The experiment was conducted on an Ubuntu 18.04 32-bit operating system, and the deep learning framework used PyTorch. The equipment’s hardware was an Intel^®® Core TMi9-10900X, 2080ti GPU, with 32 GB of memory. Telstar provided images of the side-outer that were collected manually. There are four types of processing holes required for object detection: (1) key, (2) square, (3) circle, and (4) doghouse, depending on their shape as shown in Figure 3. To improve the object detection performance, first the background of the provided data was removed, as shown in Figure 4. The COCO Annotator was utilized to annotate it in a COCO format, as shown in Figure 5.

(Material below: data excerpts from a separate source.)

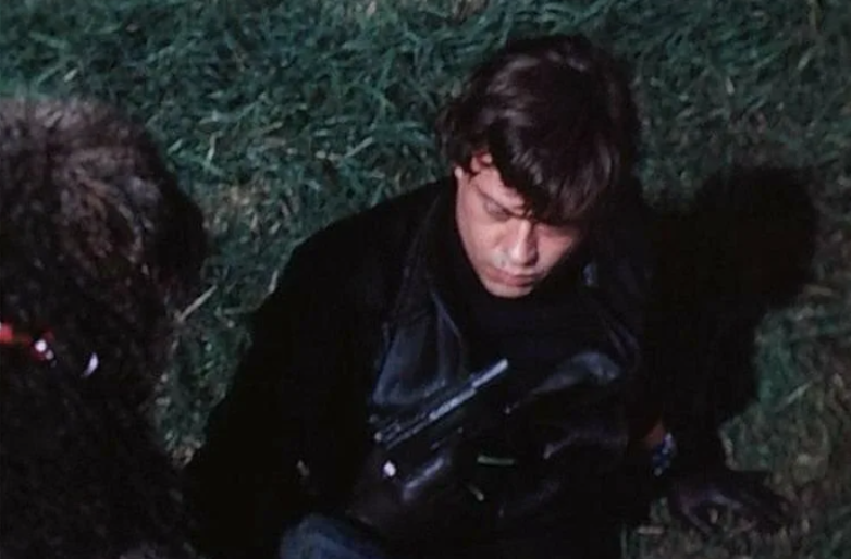 Кстати, во время съемок этой сцены произошел действительно забавный момент. Для данной сцены было заготовлено два пластмассовых пистолета. Один из них был целым, а второй с заранее отпиленным стволом. Но в итоге собака так сильно вжилась в роль, что действительно откусила ствол у первого пистолета, поэтому второй даже не понадобился.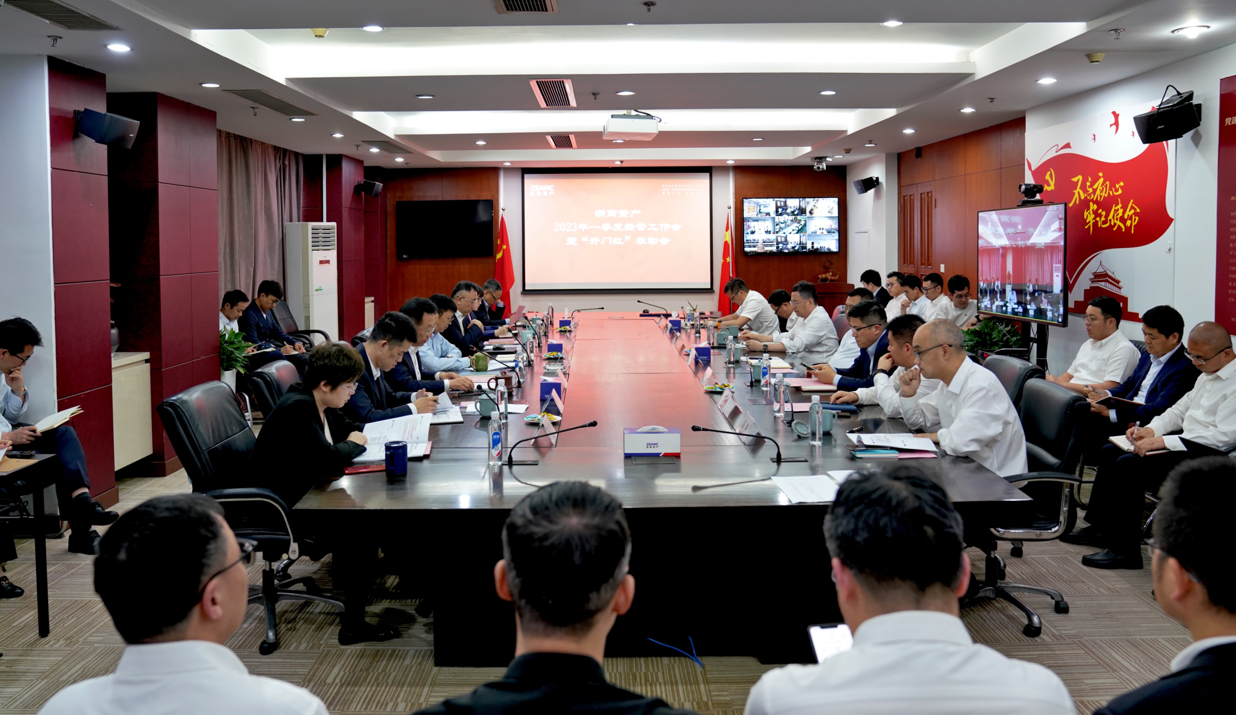4月21日下午,浙商資產(chǎn)順利召開2023年一季度經(jīng)營工作會暨“開門紅”表彰會。會議系統(tǒng)總結(jié)一季度經(jīng)營工作情況,深入研判當前形勢,部署二季度重點工作任務(wù),并舉行了2023年“開門紅”表彰。公司領(lǐng)導班子成員、業(yè)務(wù)副總經(jīng)理,各分公司、成員公司主要負責人以及本級中后臺部門負責人在現(xiàn)場參會,公司全體員工通過視頻參會。浙商資產(chǎn)黨委副書記、總經(jīng)理李偉達作一季度經(jīng)營工作報告,黨委副書記、工會主席陳霖宣讀“開門紅”表彰,黨委委員、副董事長、首席戰(zhàn)略官李傳全主持會議并作二季度經(jīng)營策略安排,黨委委員、常務(wù)副總經(jīng)理王賚通報公司重點工作機制安排。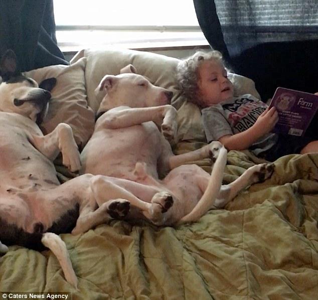 Hai chú chó cũng nghe truyện và đi ngủ...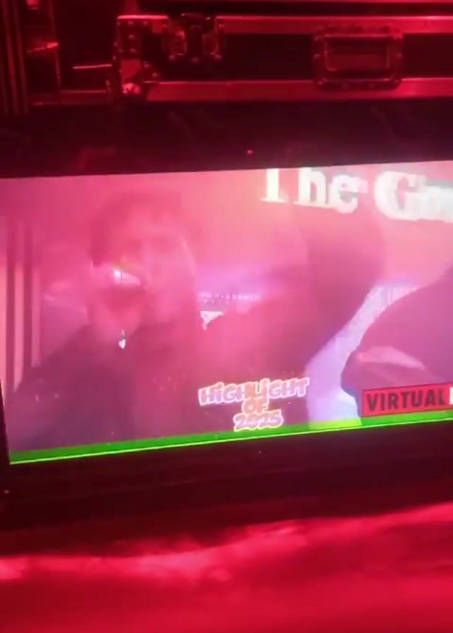 screen displaying a slideshow of images labeled "HIGHLIGHT OF 2023" with the "VIRTUAL DJ" logo. The screen appears to be part of a DJ setup, as it is surrounded by cases and equipment. The lighting in the room is predominantly red. The slideshow shows various people, including individuals in hats and sunglasses, and one image with the text "where the magic happens."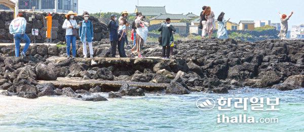 “저 바다를 배경으로…”29일 제주시 애월읍 곽지해수욕장을 찾은 관광객들이 기념사진을 찍으며 즐거운 시간을 보내고 있다. 이상국기자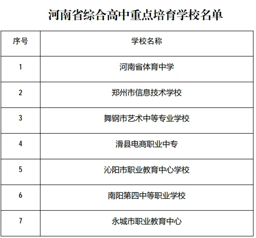 河南省综合高中重点培育学校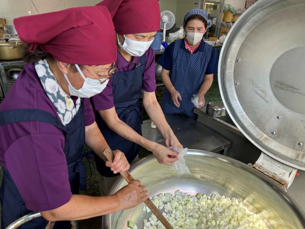 ナスやカボチャ、オクラなど、夏野菜がたっぷり入ったカレーは、授業を終えた参加者たちに大好評で、あっという間に完食となりました。デザートには、女性部のメンバーが手作りしたゼリーも提供しました。

Table 1 shows the information contained in the annotated data in json format, and the data format for each item of information.

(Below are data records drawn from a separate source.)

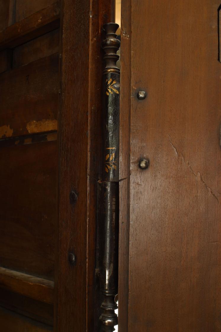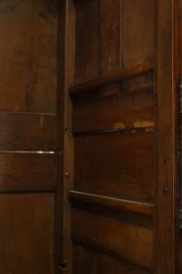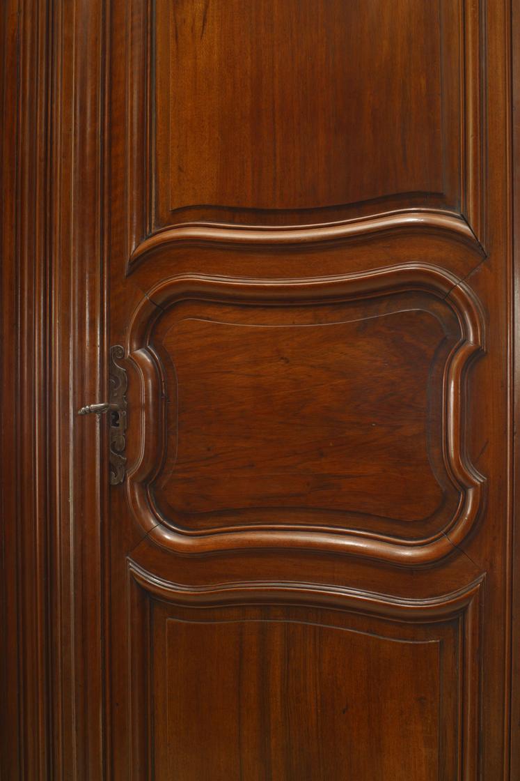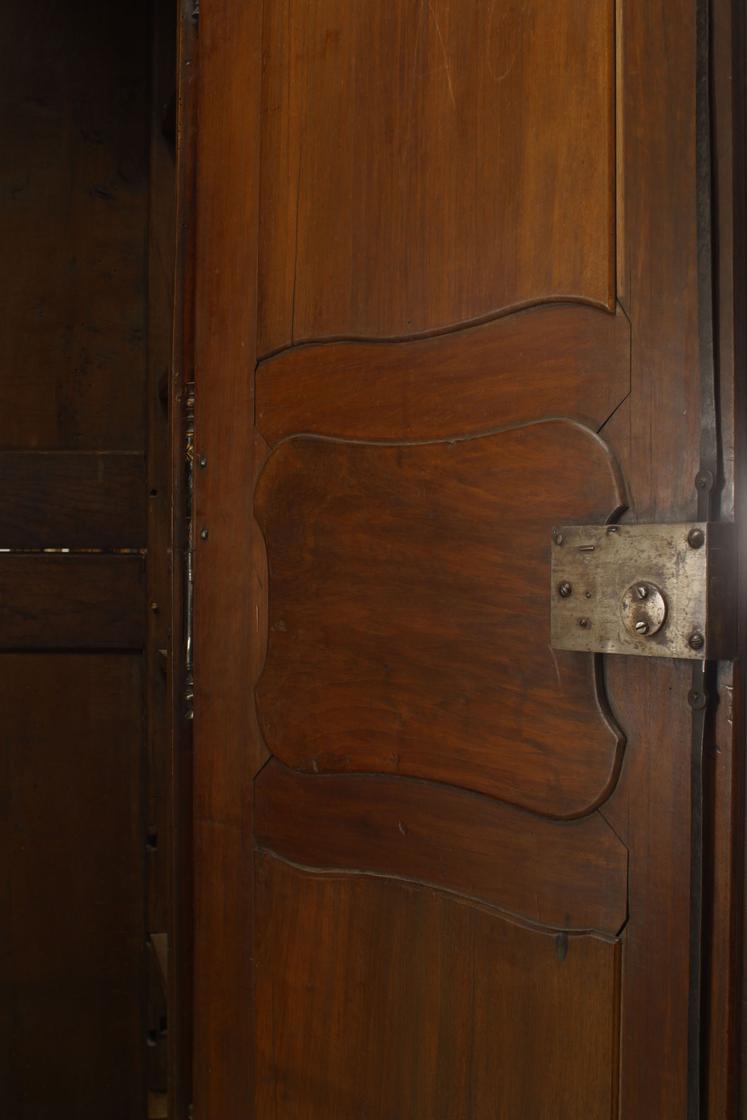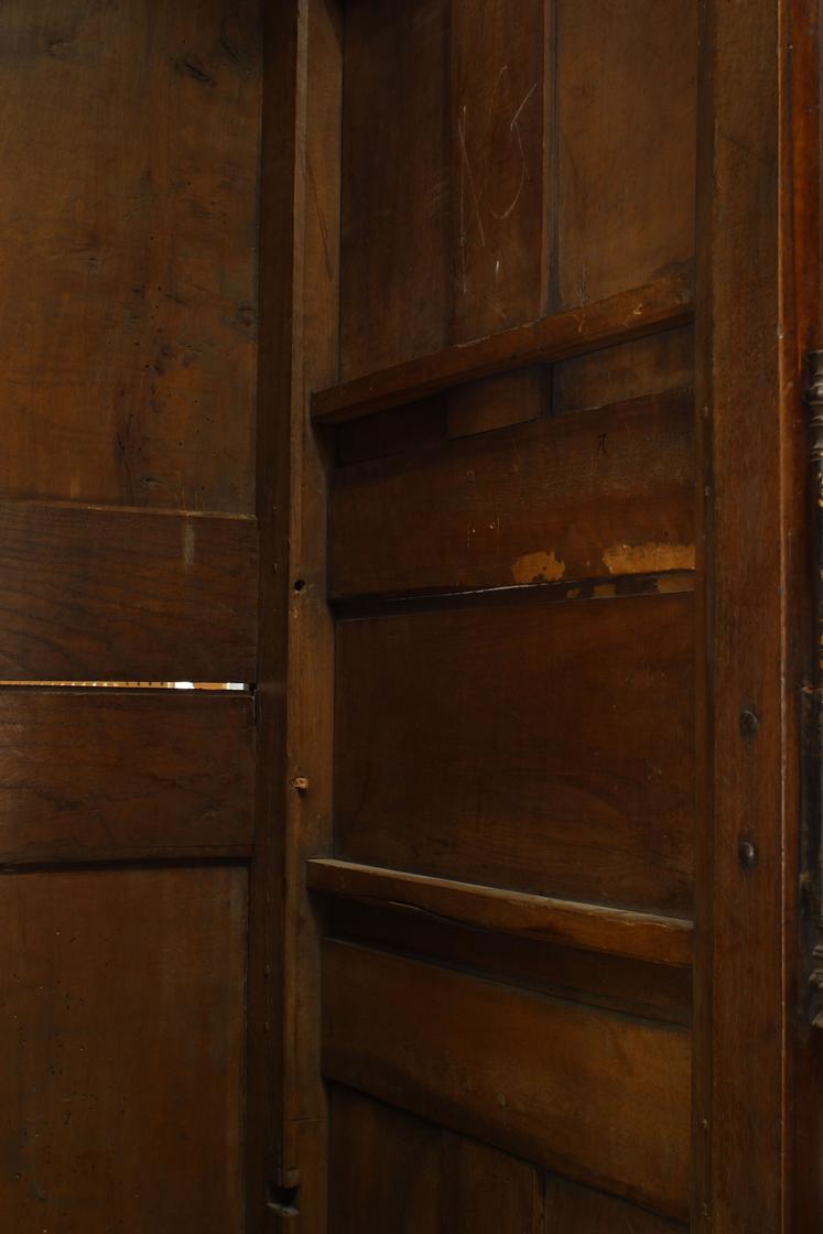 French Provincial (18th Century) two door large scale armoire in walnut with original hardware and shield, bird, and foliate carving on cornice.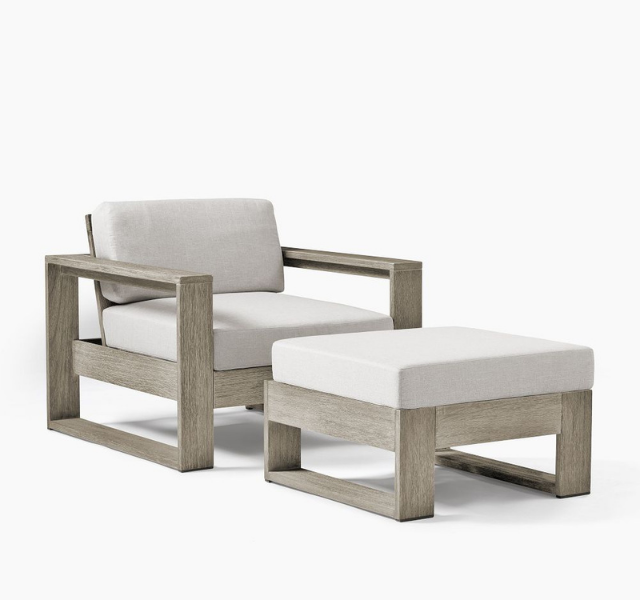 เก้าอี้อาบแดดไม้สักทันสมัย ดีไซน์ทรอปิคอล เป็นมิตรกับสิ่งแวดล้อม พร้อมออตโตมัน เหมาะสำหรับริมสระน้ำ โรงแรม วิลล่า ลานบ้าน และสวน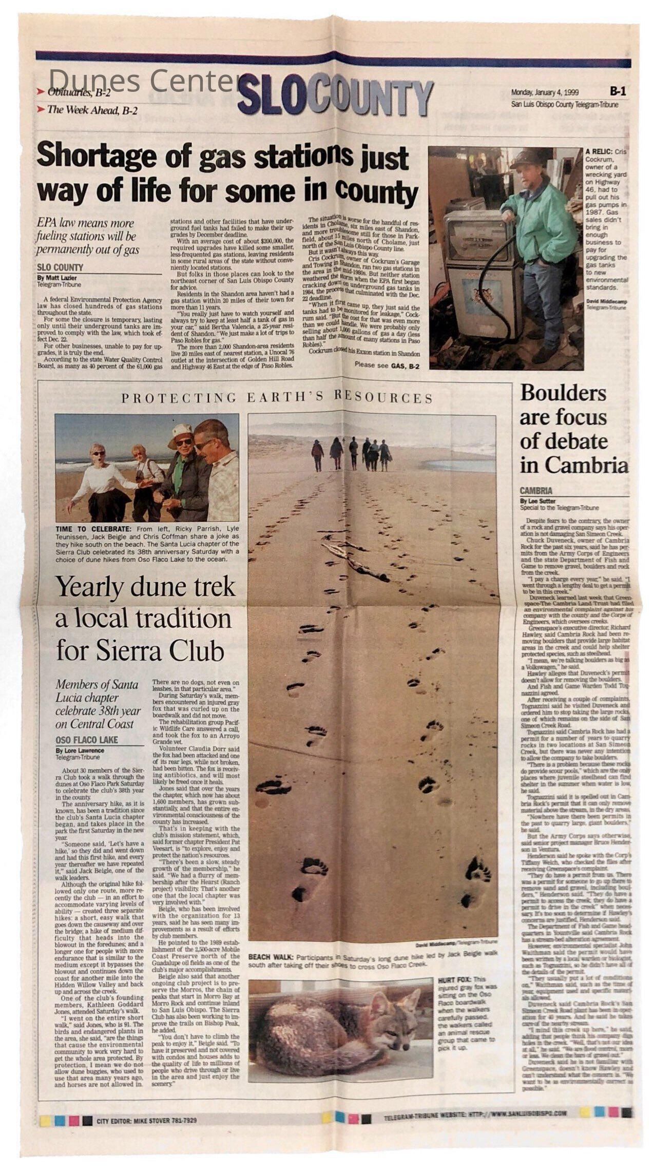 "Yearly dune trek a local tradition for Sierra Club",Artcile by Lore Lawrence, Monday, January 4, 1999, SLOCounty, San Luis Obsipo County Telegram-Tribune

In order to improve overfitting problems and performance, we performed data augmentation. Specific methods included ResizeShortestEdge and RandomFlip provided by Detectron2. For ResizeShortestEdge, we undertook the rescaling without adjusting the image ratio, increasing the shortest edge to the set value, and then resizing the longest edge and checking whether it had exceeded the limit. For Random Flip, the image was flipped vertically or horizontally for augmenting the data. Table 2 shows the data type and the actual input data that we used in this paper for each method. The input values of ResizeShortestEdge are the list of the short edge lengths, which is used for resizing the longest edge.

5. Experiment and Results

5.1. Implementation

Telstar, a laser-cutting company located in Gyeongju City, Republic of Korea, uses 3D laser cutting machines to pierce and trim the side-outer. In the research, RODIS was installed at the Telstar plant, which is equipped with three automated and one manual laser-cutting systems. RODIS was installed close to the existing precise-quality inspection station as shown in Figure 6. Figure 7 shows RODIS at the site after the installation, and the components including the visions, the network devices, the inspection jig, the anchors, and the table with a grid pattern.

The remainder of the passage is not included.